BDD2Seq: Enabling Scalable Reversible-Circuit Synthesis via Graph-to-Sequence Learning
Mingkai Miao, Jianheng Tang, Guangyu Hu, Hongce Zhang
TL;DR
BDDs provide compact representations of Boolean functions, but optimal variable ordering for ROBDDs is NP-hard and critically affects Quantum Cost in reversible-circuit synthesis. BDD2Seq addresses this by learning a graph-to-sequence mapping: a Graph Neural Network encodes circuit structure (via BLIF2Graph) and a Pointer Network decodes variable orderings, guided by Diverse Beam Search to explore diverse, high-quality permutations. Trained on supervised labels from established BDD heuristics and evaluated with Revkit on multiple benchmarks, it achieves substantial reductions in Quantum Cost (about 1.4x) and faster synthesis (about 3.7x) compared with traditional heuristics, particularly for large circuits. The approach demonstrates that graph-based generative modeling, combined with diversity-aware decoding, can robustly improve BDD-based reversible-circuit synthesis with scalable performance and multiple deployment modes for cost-speed trade-offs.
Abstract
Binary Decision Diagrams (BDDs) are instrumental in many electronic design automation (EDA) tasks thanks to their compact representation of Boolean functions. In BDD-based reversible-circuit synthesis, which is critical for quantum computing, the chosen variable ordering governs the number of BDD nodes and thus the key metrics of resource consumption, such as Quantum Cost. Because finding an optimal variable ordering for BDDs is an NP-complete problem, existing heuristics often degrade as circuit complexity grows.

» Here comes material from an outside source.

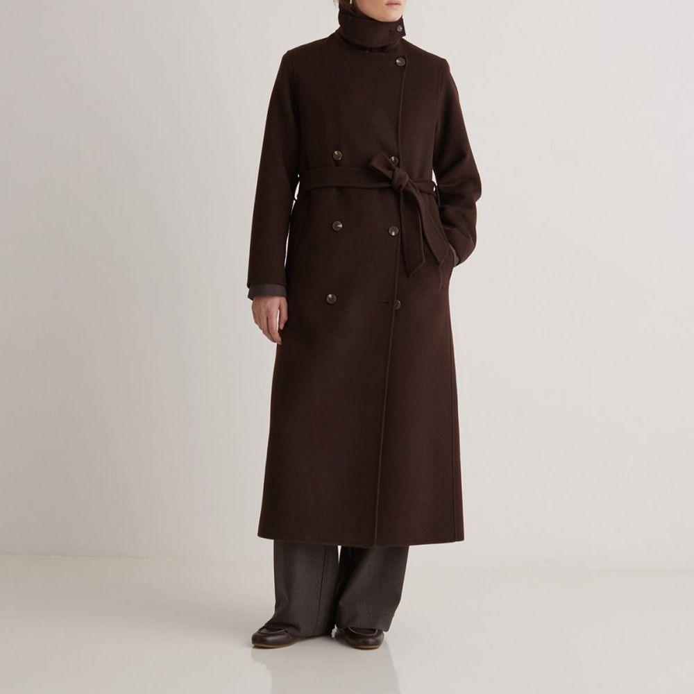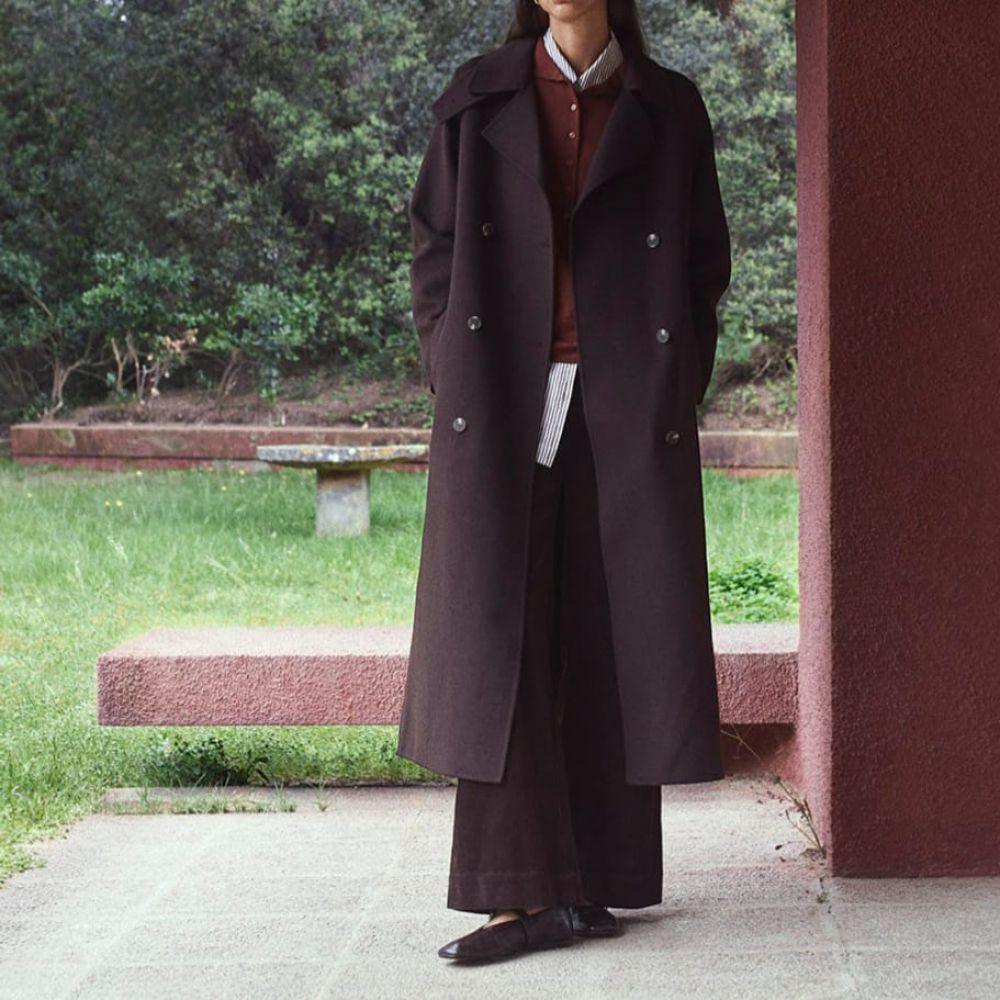 Manteau long confectionné à la main, à la coupe droite pour une silhouette élégante. Réalisé en tissu double face associant laine et fibres recyclées, il est sans doublure et se porte avec une ceinture amovible à nouer. Il présente une fente au dos, un col à revers avec bande et bouton, des manches longues, une fermeture à double boutonnage et deux poches latérales.

We introduce BDD2Seq, a graph-to-sequence framework that couples a Graph Neural Network encoder with a Pointer-Network decoder and Diverse Beam Search to predict high-quality orderings. By treating the circuit netlist as a graph, BDD2Seq learns structural dependencies that conventional heuristics overlooked, yielding smaller BDDs and faster synthesis. Extensive experiments on three public benchmarks show that BDD2Seq achieves around 1.4 times lower Quantum Cost and 3.7 times faster synthesis than modern heuristic algorithms. To the best of our knowledge, this is the first work to tackle the variable-ordering problem in BDD-based reversible-circuit synthesis with a graph-based generative model and diversity-promoting decoding.